Ex-Lyft Director Arranged Massive Pre-IPO Share Sale
Lyft Inc.’s former director, Sujay Jaswa, is facing charges from the U.S. Securities and Exchange Commission (SEC) for allegedly arranging a massive pre-IPO share sale. The SEC claims that Jaswa sold over $10 million worth of Lyft shares to family and friends before the company went public in 2019.
Background of the Allegations
Jaswa was a director at Lyft from 2013 to 2018. During his tenure, he was granted over 1.7 million shares of the company. In 2018, Lyft filed for an initial public offering (IPO). In the months leading up to the IPO, Jaswa allegedly sold over $10 million worth of Lyft shares to family and friends.

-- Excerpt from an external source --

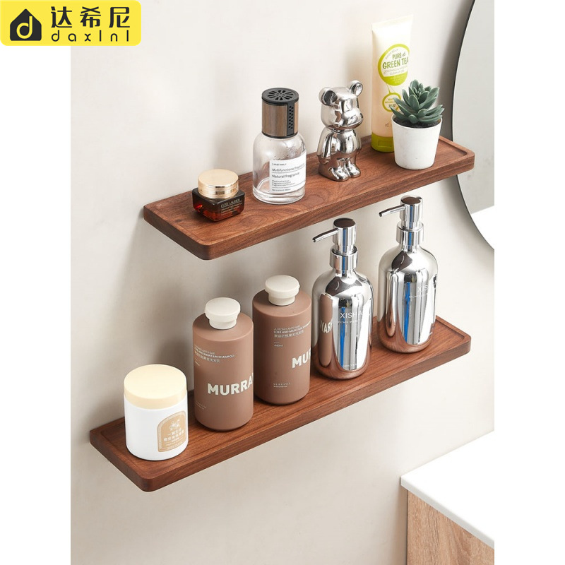 ウォールナット収納ラック新中国風ライト高級バスルーム無垢材ボード壁掛け収納バスルームボード
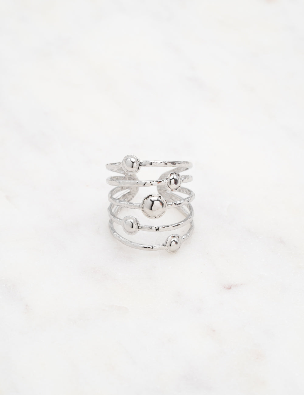 Bague ajustable graphique multirangs texturés avec des points martelés.

The SEC claims that Jaswa did not disclose the sales to Lyft or the SEC. He also allegedly failed to register the sales with the SEC, as required by law. The SEC further alleges that Jaswa did not inform the buyers of the shares that they were restricted securities, meaning they could not be sold until the IPO was completed.
SEC Investigation and Charges
The SEC began investigating Jaswa in 2019. After a lengthy investigation, the SEC filed charges against Jaswa in September 2023. The SEC alleges that Jaswa violated the Securities Act of 1933 by failing to register the sales of the Lyft shares and failing to disclose the sales to the SEC.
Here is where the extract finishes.